The iterative process of model refinement based on experimental feedback represents the core of scientific advancement in membrane protein research.

What approaches are recommended for integrating structural, functional, and evolutionary data for comprehensive understanding of CBO1290/CLC_1328?

Data integration requires sophisticated methodological approaches:

• Multi-scale modeling frameworks:

  • Sequence-structure-function relationship mapping

  • Evolutionary constraints incorporation into structural models

  • Functional data as validation for structural predictions

• Visualization and analysis tools:

  • Structure mapping of evolutionary conservation

  • Functional data projection onto structural models

  • Network analysis of protein-protein interactions

• Machine learning approaches:

  • Feature extraction from multiple data sources

  • Pattern recognition across diverse datasets

  • Prediction of untested conditions or mutations

This integrated approach can reveal emergent properties not apparent from individual data types and guide future experimental design for comprehensive characterization.

What strategies can overcome challenges in purifying sufficient quantities of functional CBO1290/CLC_1328?

Membrane protein purification presents unique challenges requiring specialized approaches:

• Solubilization optimization:

  • Systematic detergent screening (non-ionic, zwitterionic)

  • Detergent concentration titration

  • Solubilization time and temperature optimization

  • Addition of specific lipids (cholesterol, cardiolipin)

• Purification strategy refinement:

  • Gentle elution conditions during affinity chromatography

  • Buffer optimization with stabilizers (trehalose 6%, glycerol)

  • Minimization of exposure to air/oxidation

  • Immediate stabilization post-purification

• Quality control methods:

  • Size exclusion chromatography for aggregation assessment

  • Circular dichroism for secondary structure verification

  • Thermal stability assays for functional confirmation

  • Limited proteolysis for conformation analysis

Based on experience with related proteins, addition of 6% trehalose in Tris/PBS-based buffer at pH 8.0 significantly enhances stability , while aliquoting and storage at -80°C with 5-50% glycerol prevents degradation during freeze-thaw cycles .

How can protein reconstitution efficiency be optimized for functional studies of CBO1290/CLC_1328?

Effective reconstitution requires systematic optimization:

• Detergent selection considerations:

  • Detergent CMC and micelle size

  • Compatibility with lipid composition

  • Removal kinetics during reconstitution

• Lipid composition optimization:

  • Native-like bacterial lipid mixtures

  • Systematic testing of synthetic lipid combinations

  • Investigation of lipid:protein ratios

• Reconstitution method selection:

  • Detergent removal via dialysis (gentle, complete)

  • Bio-beads adsorption (rapid, efficient)

  • Dilution method (simple, potentially incomplete)

  • Direct incorporation (specialized applications)

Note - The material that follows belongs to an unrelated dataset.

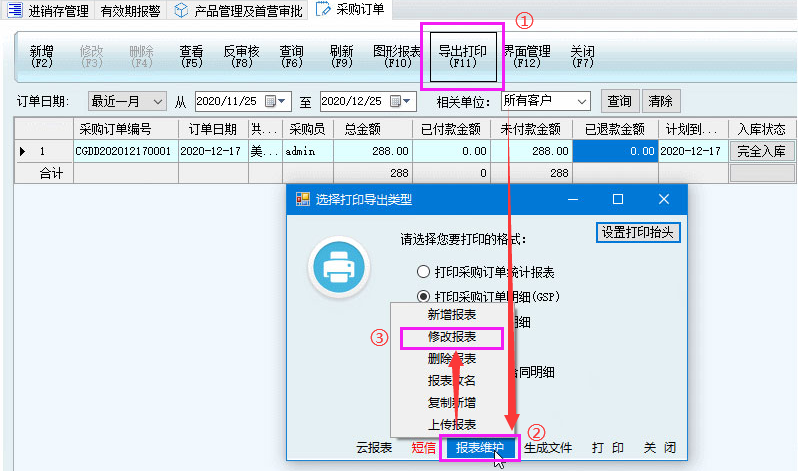 修改方式:導出打印-報表維護-報表改名-加上“明細”-確定

Functional verification through transport assays should guide optimization, with attention to protein orientation, which can be assessed through protease accessibility studies or antibody-based approaches targeting known extramembrane domains.

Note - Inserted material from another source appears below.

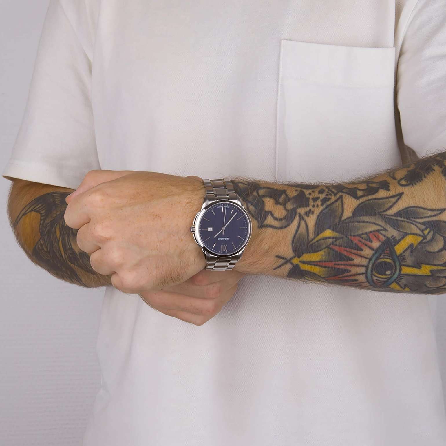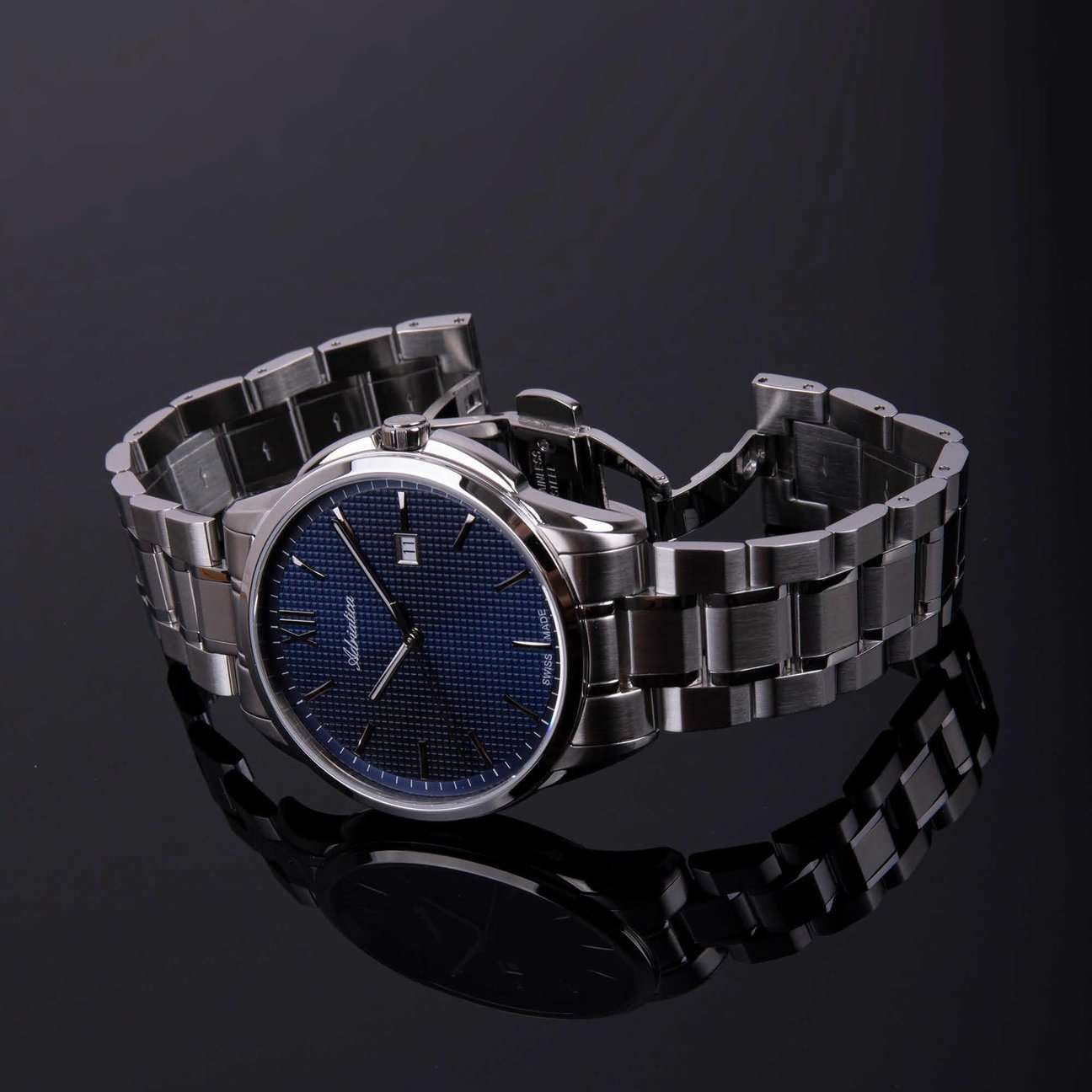 Часы Adriatica A1290.5165Q представляют собой идеальное сочетание элегантности и функциональности, разработанное для современных мужчин. Их стильный синий циферблат защищен сапфировым стекломСапфировое стеклоПрочный и надёжный материал из кристалла сапфира синтетического происхождения, характеризующийся особой твёрдостью и устойчивостью к царапинам и повреждениям., что придает дополнительную устойчивость к царапинам. Корпус из нержавеющей стали подчеркивает их изысканность и долговечность. Надежный кварцевый механизм с калибром ETA F06 (PreciDrive) гарантирует точность времени, а водозащита WR 50 (5 ATM) обеспечивает защиту от воды в различных условиях. Браслет из нержавеющей стали с застежкой «бабочка»Застёжка "бабочка"Такой вид застёжки дополняется предохранителями, помогающими избежать случайного раскрытия браслета. Обладают изящным исполнением. гармонично дополняет общий дизайн и обеспечивает комфортное ношение на запястье. Часы оснащены функцией отображения даты в окошке в положении 3 часа, что добавляет практичности в повседневной жизни. Люминесцентное покрытиеЛюминесцентное покрытиеПозволяет считывать показания времени в темноте. Производители наносят на стрелки, часовые индексы, безель или поверхность циферблата светонакопительный состав, дающий холодное свечение. на стрелках и метках обеспечивает отличную видимость в темноте.

What controls and validation approaches are essential when applying advanced mass spectrometry techniques to CBO1290/CLC_1328 analysis?

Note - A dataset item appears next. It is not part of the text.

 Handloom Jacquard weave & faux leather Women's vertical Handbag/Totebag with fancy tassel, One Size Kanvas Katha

Rigorous validation ensures reliable mass spectrometry results:

• Sample preparation controls:

  • Isotopically labeled internal standards

  • Known quantity spike-ins

  • Procedural blanks to detect contamination

  • Technical and biological replicates

• Mass spectrometry validation:

  • Multiple peptide detection per protein

  • Orthogonal fragmentation methods

  • Retention time prediction correlation

  • False discovery rate control

• Data analysis verification:

  • Multiple search engines comparison

  • Manual spectrum verification for critical peptides

  • Statistical evaluation of reproducibility

  • Independent method confirmation for key findings

As demonstrated in the study of extracellular vesicle membrane proteins , targeted MS assay development with careful selection of target peptides enables reliable quantification even in complex biological samples, a methodology directly applicable to CBO1290/CLC_1328 analysis.